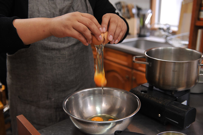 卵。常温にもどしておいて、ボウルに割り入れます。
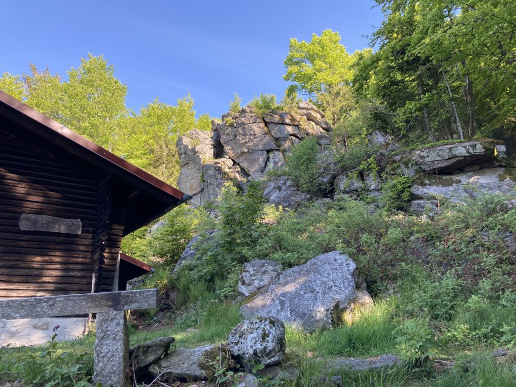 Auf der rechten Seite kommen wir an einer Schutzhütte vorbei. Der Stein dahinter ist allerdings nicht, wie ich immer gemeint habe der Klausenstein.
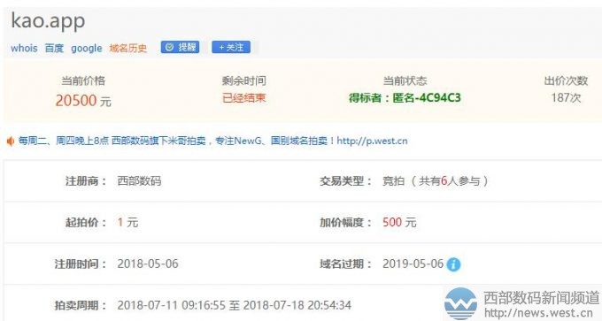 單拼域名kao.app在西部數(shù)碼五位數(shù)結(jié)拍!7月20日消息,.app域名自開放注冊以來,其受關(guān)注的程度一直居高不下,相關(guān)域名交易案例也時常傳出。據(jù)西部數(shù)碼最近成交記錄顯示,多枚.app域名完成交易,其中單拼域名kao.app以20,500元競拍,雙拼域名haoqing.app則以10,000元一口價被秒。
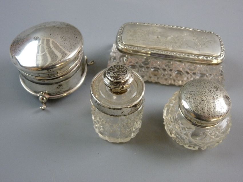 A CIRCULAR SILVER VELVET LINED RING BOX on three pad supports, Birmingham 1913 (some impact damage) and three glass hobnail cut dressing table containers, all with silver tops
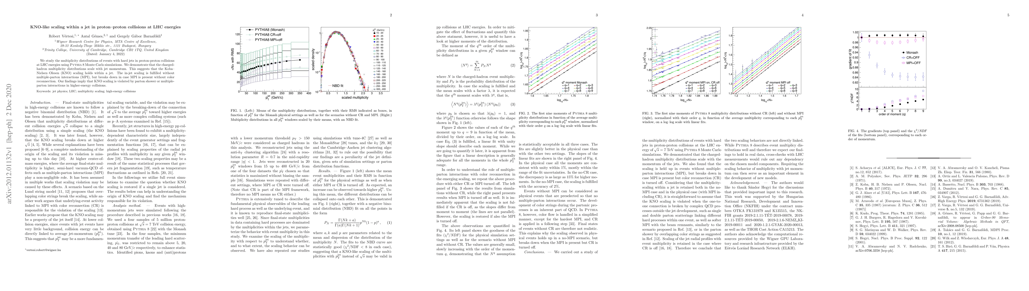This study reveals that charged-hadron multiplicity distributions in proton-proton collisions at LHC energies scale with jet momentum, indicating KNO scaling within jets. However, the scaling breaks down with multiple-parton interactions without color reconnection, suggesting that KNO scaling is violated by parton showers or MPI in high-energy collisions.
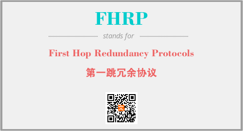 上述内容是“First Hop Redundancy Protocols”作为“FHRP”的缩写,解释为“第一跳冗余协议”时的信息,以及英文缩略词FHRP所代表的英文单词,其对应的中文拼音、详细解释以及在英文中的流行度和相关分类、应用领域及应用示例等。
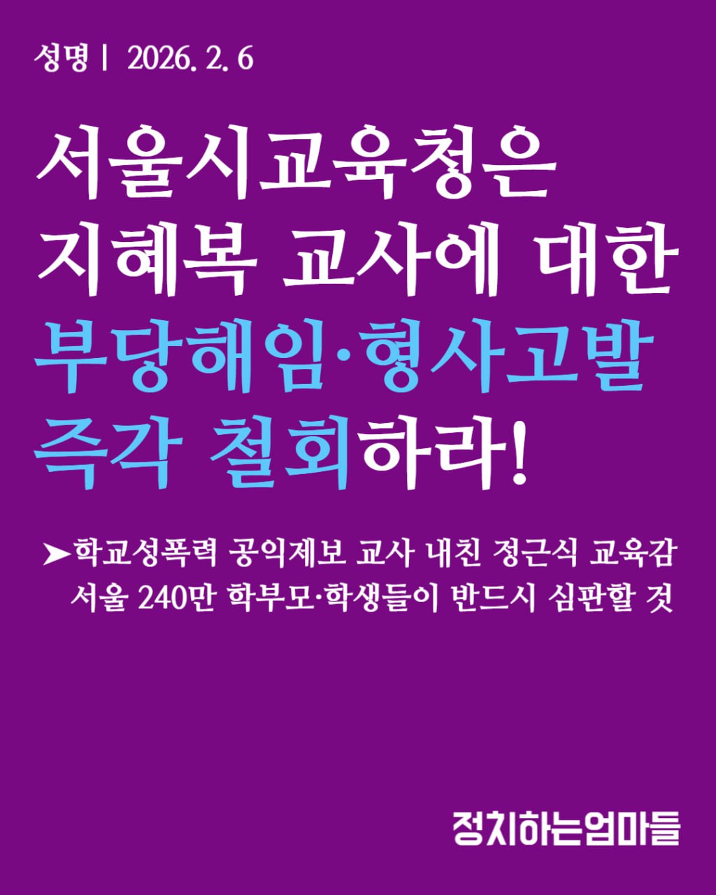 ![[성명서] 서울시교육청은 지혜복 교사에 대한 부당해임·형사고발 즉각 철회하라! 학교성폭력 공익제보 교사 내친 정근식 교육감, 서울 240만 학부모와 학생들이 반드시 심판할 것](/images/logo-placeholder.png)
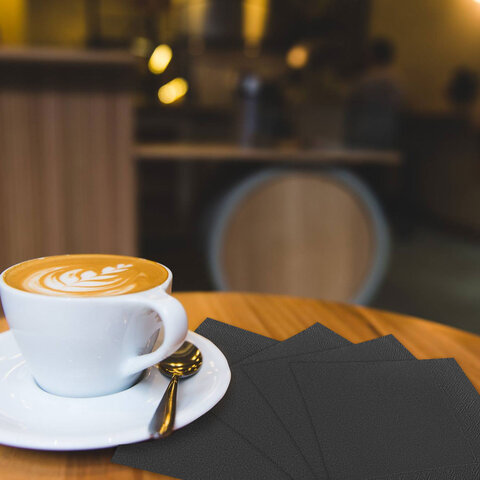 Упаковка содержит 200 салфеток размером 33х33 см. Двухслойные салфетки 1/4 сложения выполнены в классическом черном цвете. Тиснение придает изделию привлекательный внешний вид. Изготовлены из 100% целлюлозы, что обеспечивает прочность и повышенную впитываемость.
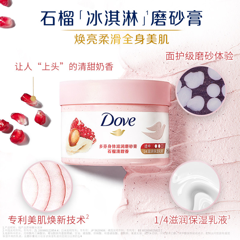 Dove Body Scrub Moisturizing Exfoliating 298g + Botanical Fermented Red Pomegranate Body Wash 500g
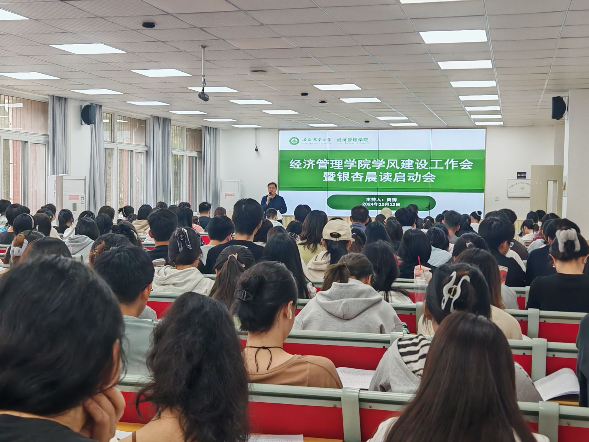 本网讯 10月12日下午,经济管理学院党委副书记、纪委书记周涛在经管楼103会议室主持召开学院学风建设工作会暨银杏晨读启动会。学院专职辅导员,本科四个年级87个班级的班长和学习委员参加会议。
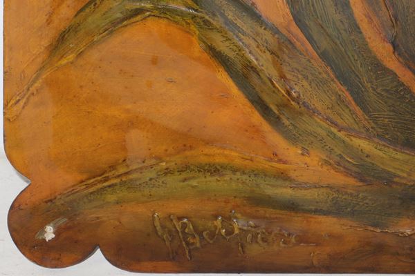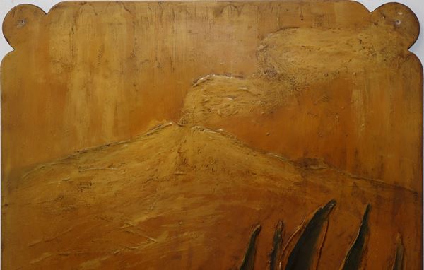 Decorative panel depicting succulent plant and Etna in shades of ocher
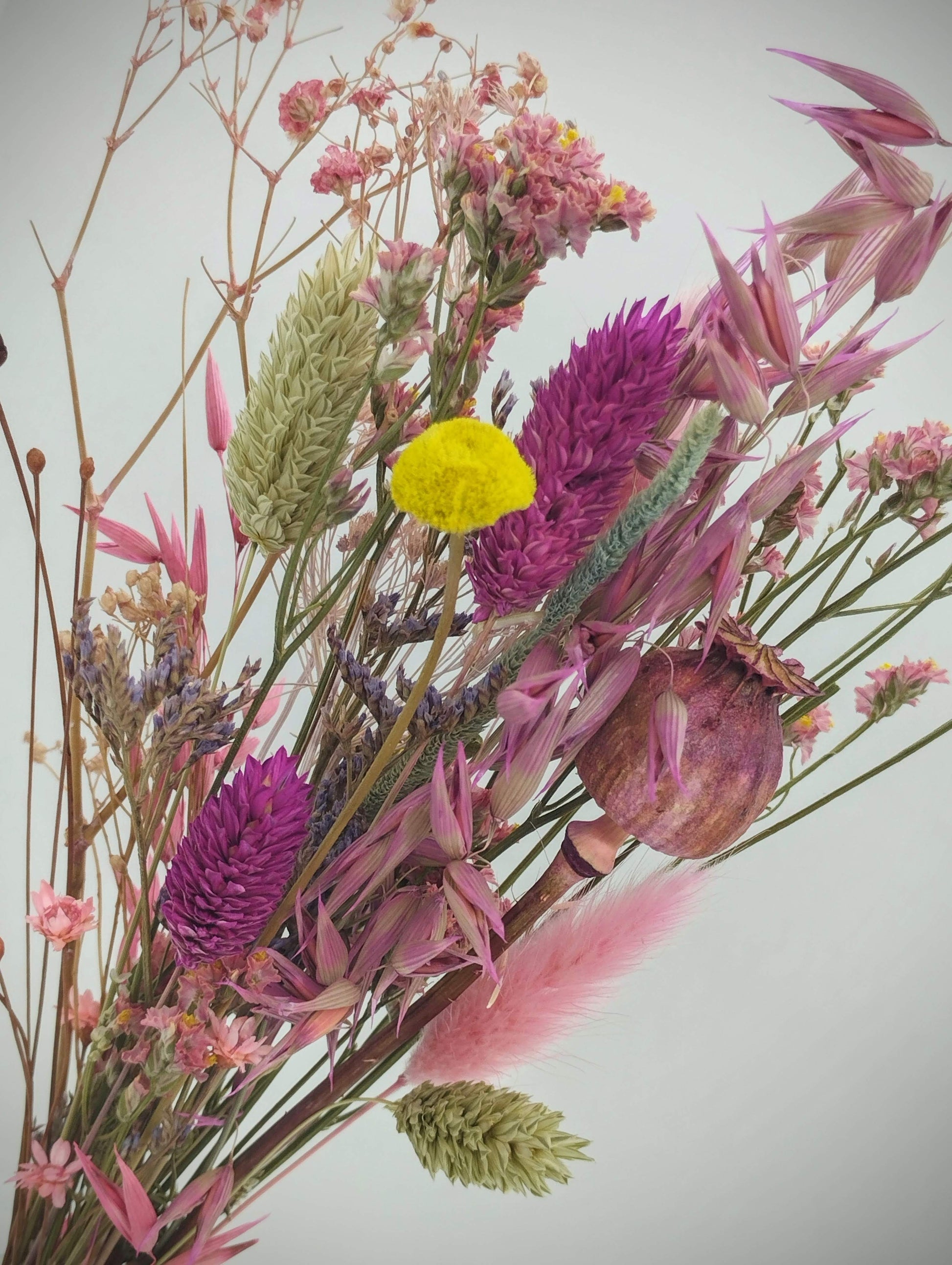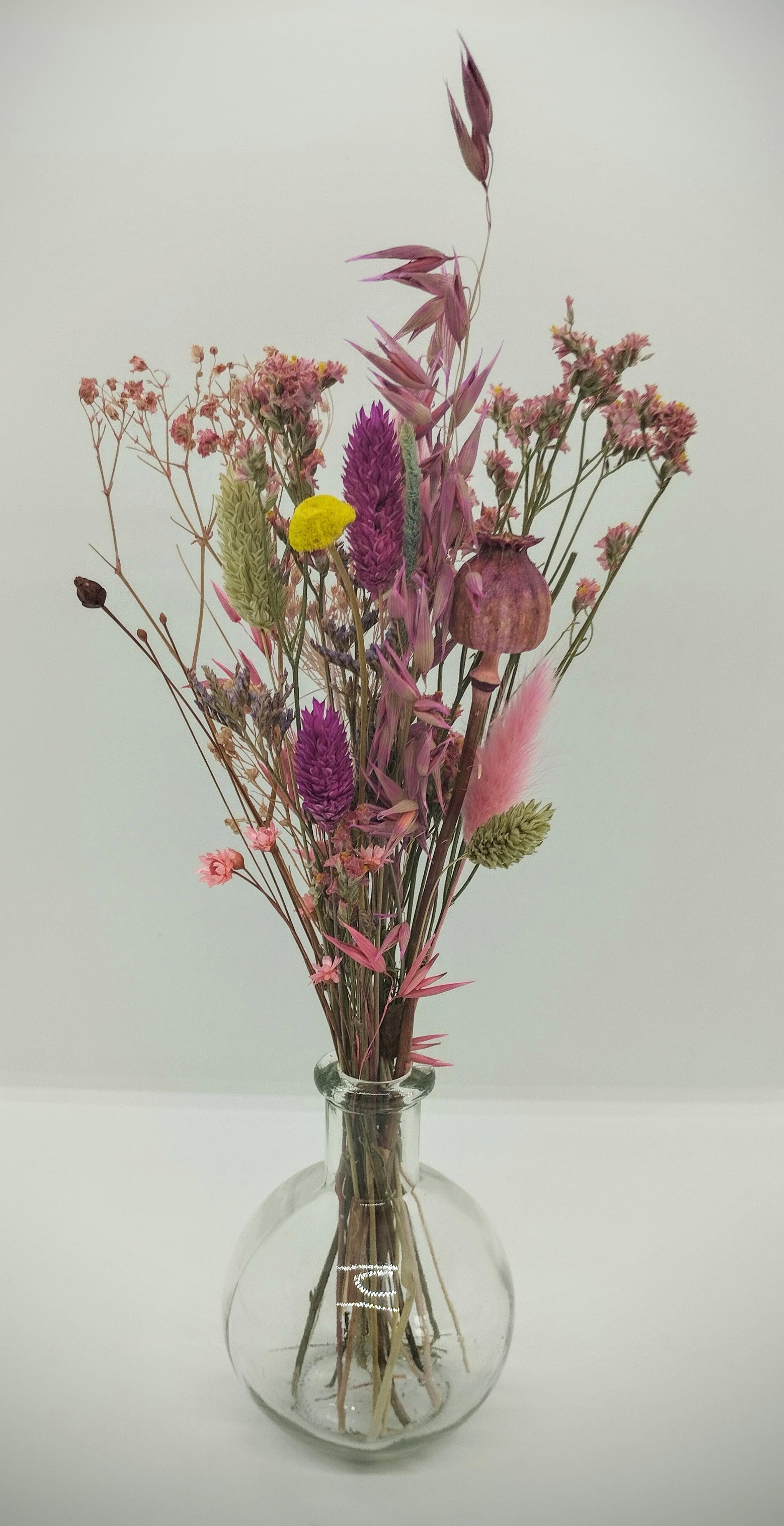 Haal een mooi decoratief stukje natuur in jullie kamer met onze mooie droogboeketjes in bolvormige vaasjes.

* * *

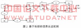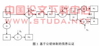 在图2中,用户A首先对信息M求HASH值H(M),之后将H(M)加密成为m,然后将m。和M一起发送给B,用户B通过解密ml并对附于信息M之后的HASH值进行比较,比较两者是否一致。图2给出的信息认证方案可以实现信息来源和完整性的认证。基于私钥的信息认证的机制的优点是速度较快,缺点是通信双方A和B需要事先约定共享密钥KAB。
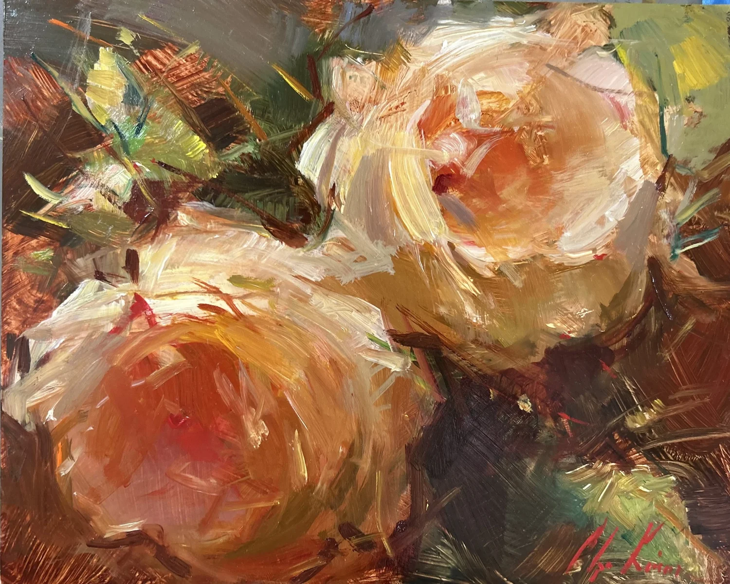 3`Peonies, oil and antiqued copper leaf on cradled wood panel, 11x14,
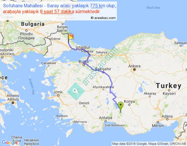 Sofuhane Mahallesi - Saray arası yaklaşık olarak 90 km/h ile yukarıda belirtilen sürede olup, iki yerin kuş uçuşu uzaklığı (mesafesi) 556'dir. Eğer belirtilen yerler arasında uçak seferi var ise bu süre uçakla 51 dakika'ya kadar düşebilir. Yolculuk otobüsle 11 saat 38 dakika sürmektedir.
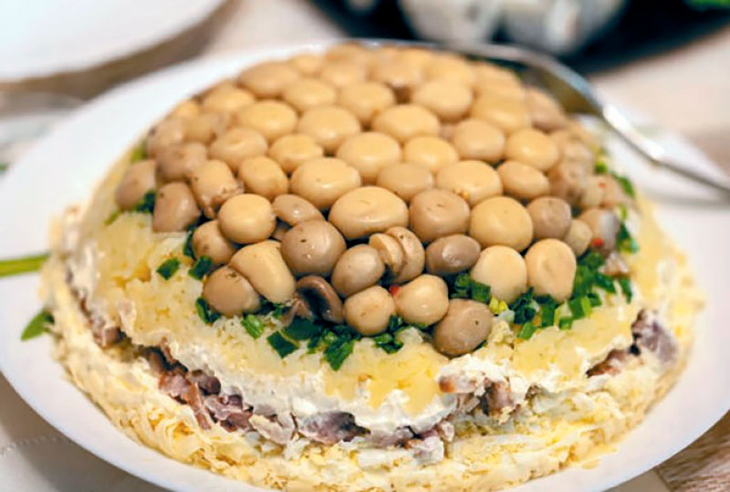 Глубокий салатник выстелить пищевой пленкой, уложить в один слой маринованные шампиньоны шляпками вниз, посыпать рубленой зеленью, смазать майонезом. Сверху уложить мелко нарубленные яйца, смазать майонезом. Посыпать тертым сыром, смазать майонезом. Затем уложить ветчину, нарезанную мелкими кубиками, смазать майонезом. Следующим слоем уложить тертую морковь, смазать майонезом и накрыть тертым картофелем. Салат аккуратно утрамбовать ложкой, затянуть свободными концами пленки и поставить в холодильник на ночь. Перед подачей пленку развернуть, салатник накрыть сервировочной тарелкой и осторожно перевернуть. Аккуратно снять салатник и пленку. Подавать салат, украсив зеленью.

→ What to work on
Write out exactly the lines above between the one with "在图2中,用户A首先对信息M" and the one with "Глубокий салатник выстелить", inclusive, with pictures left out.

→ Answer for this exercise
 在图2中,用户A首先对信息M求HASH值H(M),之后将H(M)加密成为m,然后将m。和M一起发送给B,用户B通过解密ml并对附于信息M之后的HASH值进行比较,比较两者是否一致。图2给出的信息认证方案可以实现信息来源和完整性的认证。基于私钥的信息认证的机制的优点是速度较快,缺点是通信双方A和B需要事先约定共享密钥KAB。
 3`Peonies, oil and antiqued copper leaf on cradled wood panel, 11x14,
 Sofuhane Mahallesi - Saray arası yaklaşık olarak 90 km/h ile yukarıda belirtilen sürede olup, iki yerin kuş uçuşu uzaklığı (mesafesi) 556'dir. Eğer belirtilen yerler arasında uçak seferi var ise bu süre uçakla 51 dakika'ya kadar düşebilir. Yolculuk otobüsle 11 saat 38 dakika sürmektedir.
 Глубокий салатник выстелить пищевой пленкой, уложить в один слой маринованные шампиньоны шляпками вниз, посыпать рубленой зеленью, смазать майонезом. Сверху уложить мелко нарубленные яйца, смазать майонезом. Посыпать тертым сыром, смазать майонезом. Затем уложить ветчину, нарезанную мелкими кубиками, смазать майонезом. Следующим слоем уложить тертую морковь, смазать майонезом и накрыть тертым картофелем. Салат аккуратно утрамбовать ложкой, затянуть свободными концами пленки и поставить в холодильник на ночь. Перед подачей пленку развернуть, салатник накрыть сервировочной тарелкой и осторожно перевернуть. Аккуратно снять салатник и пленку. Подавать салат, украсив зеленью.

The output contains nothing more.